Bechard and producers Colin M. Caplan and Dean Falcone worked on Pizza: A Love Story for over a decade..

It is in Pizza: A Love Story where Dave Portnoy, of Barstool Sports, first declared New Haven the Pizza Capital of the United States. Two years later he tweeted on X, "Let me settle this once and for all. The pizza capital of the United States is New Haven Ct. Anybody who says otherwise is wrong."

== History ==
Pizza: A Love Story is the eighth documentary by Bechard, whose previous documentaries include Color Me Obsessed, What Did You Expect?, and Every Everything: The Music, Life & Times of Grant Hart. Production of the film began in 2009 and was completed in 2019.

== Release ==
Film screenings include:

- IFFBoston, April 2019 - World Premiere
- Greenwich International Film Festival, June 2019
- NHdocs: the New Haven Documentary Film Festival, June 2019
- Woods Hole Film Festival, July 2019
- Sidewalk Film Festival, August 2019
- Hot Springs Documentary Film Festival, October 2019
- Bowtie Criterion Cinema, New Haven – theatrical run beginning 14 February 2020

The film was released on DVD in September 2020

== Reception ==
Deborah Brown of The Swellesley Report called Pizza: A Love Story, "An important film of staggering genius that needed to be made."

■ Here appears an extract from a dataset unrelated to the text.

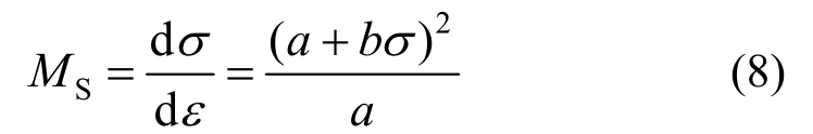 式中:a、b为常数。将式(7)对应变ε求导,得到侧限砂土试件在处于某轴向应力下的切线模量: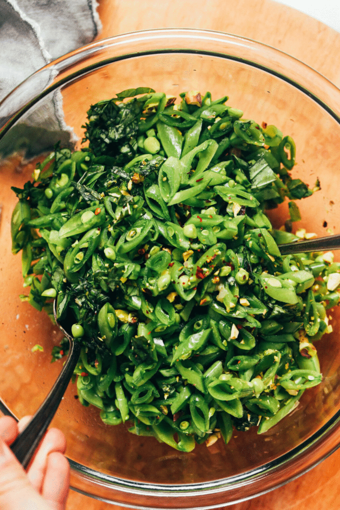 It’s lively, tangy, and just the right amount of savory, bringing the snap peas to life without overpowering their natural sweetness.

Writing in cinematic randomness, Kevin Bechaz said, "an in-depth, enlightening and a slightly tongue-in-cheek look what might just be the greatest gift from Italian migration."

Writing in Cinema Sentries, Elizabeth Periale said, "The only drawback to watching the film is that it will undoubtedly leave you hungry, and wondering how soon you can book a trip to New Haven, long lines or not."

And from CTMG.org, "This is a very important movie. Even though it took over a decade to complete and required some crowd-sourced funding, it is a movie that had to be made."